Когда я закончил свою короткую лекцию, в дверь ударили уже чем-то более тяжелым, чем среднее по массе мужское тело.
Не раздумывая, я надорвал рукав плаща Надежды и, после некоторого колебания, горловину ее платья. Надя даже не поморщилась. Она смотрела на меня примерно так же, как смотрит на отца маленькая девочка во время таинства надевания зимней шубки.

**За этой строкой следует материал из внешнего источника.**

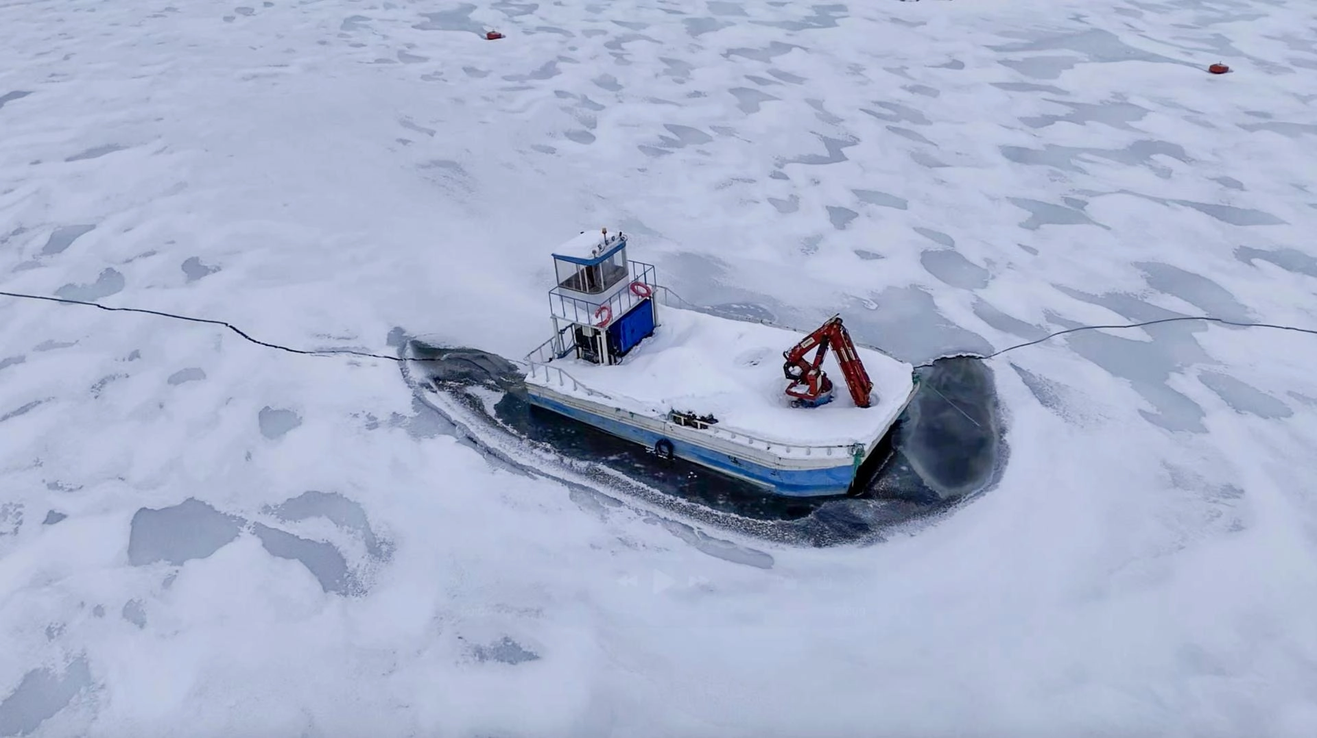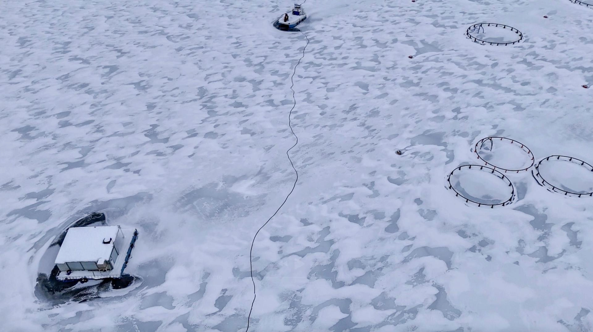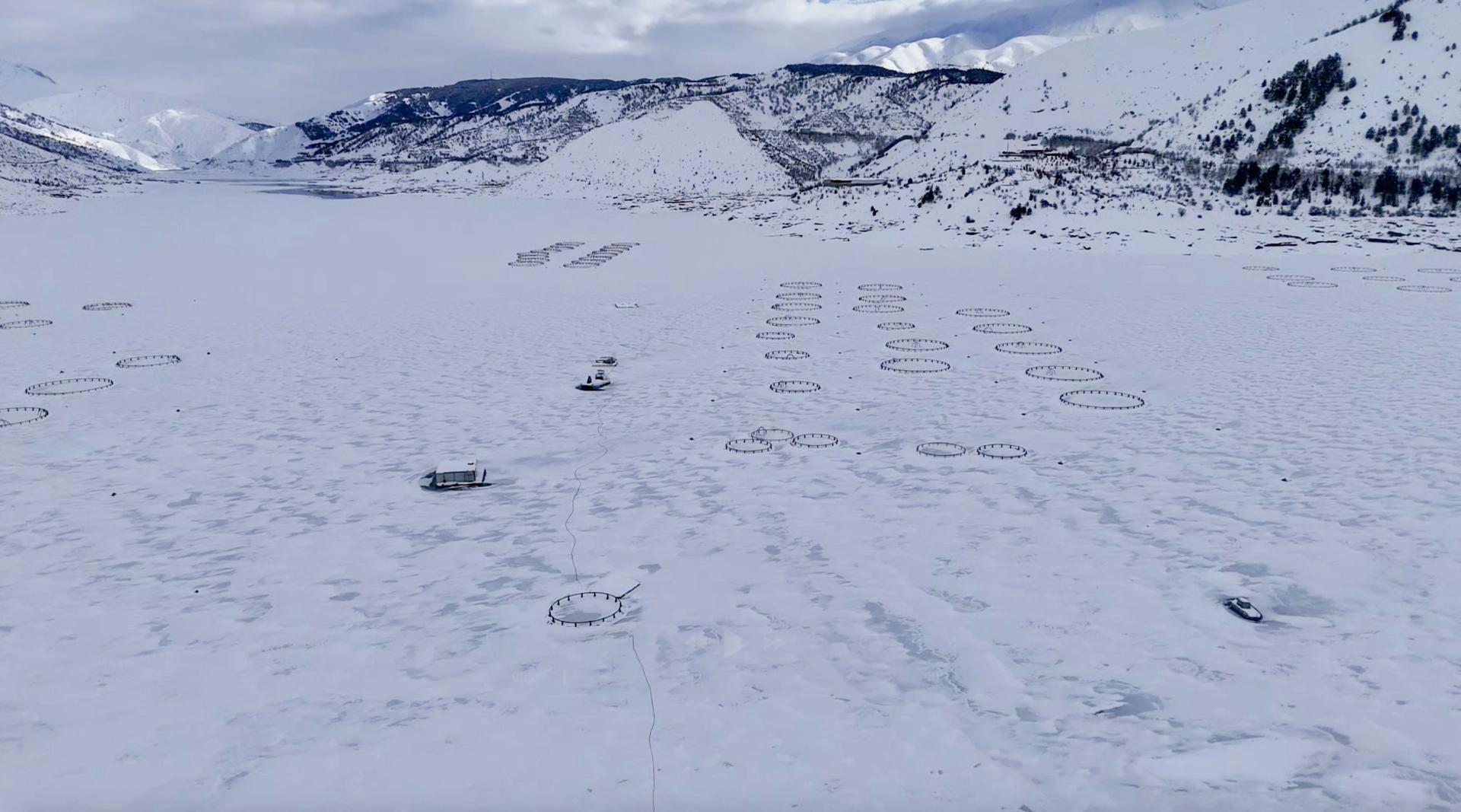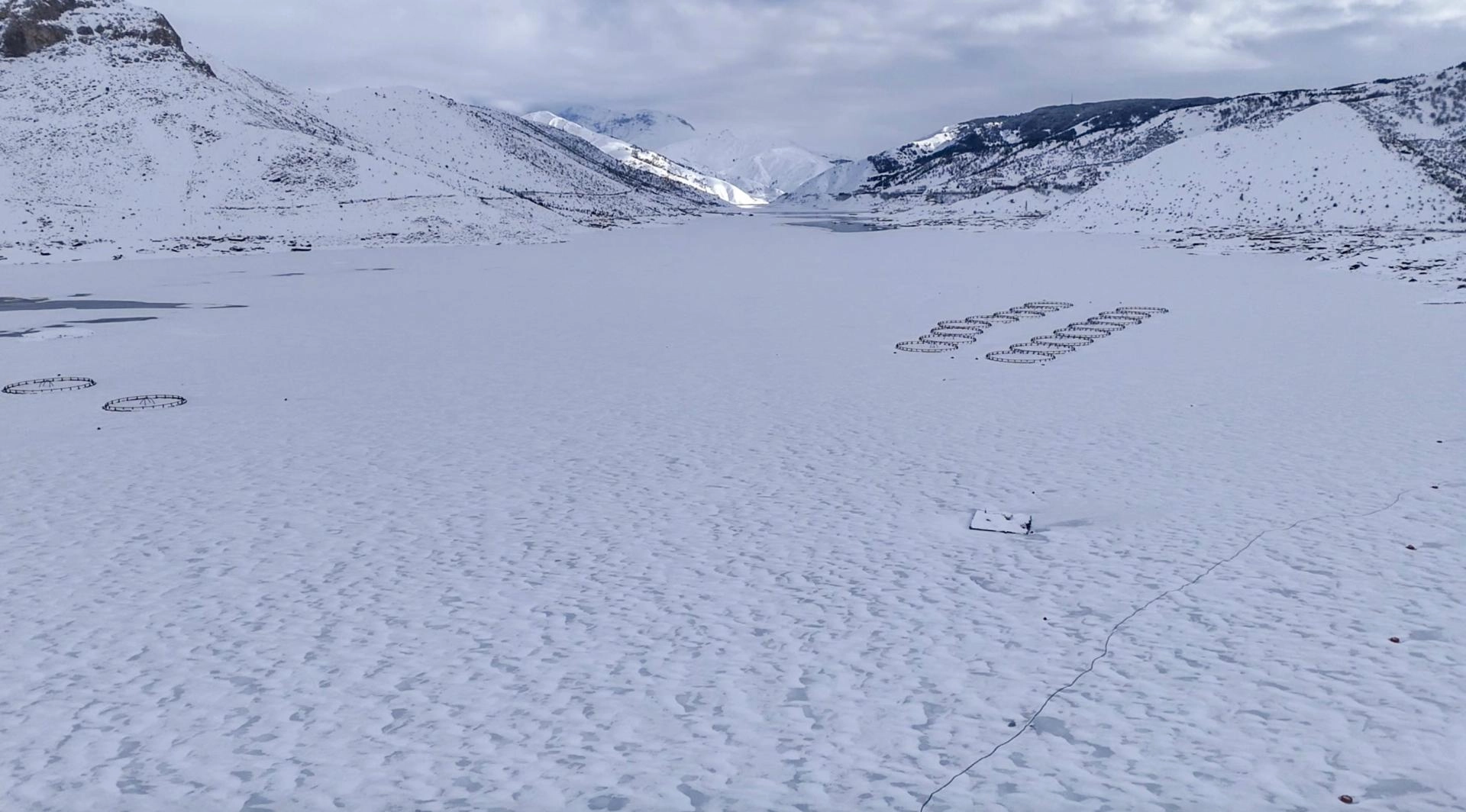 Barajdaki tekne, alabalık kafesleri ve yüzen adaların donması fotoğraf tutkunları ve doğaseverler için güzel manzaralar oluşturdu.

Я внимательно осмотрел свою «жертву» со всех сторон. Ее вид оставлял желать лучшего. Я вдвое сократил количество сережек и придал женской прическе абстрактно-художественный беспорядок.
— Ты все запомнила? — строго спросил я.
Надя кивнула. Я нагнулся, снял с женской ножки невесомый сапожок и забросил его в угол кабинета.
— А теперь кричи, пожалуйста, — шепотом попросил я.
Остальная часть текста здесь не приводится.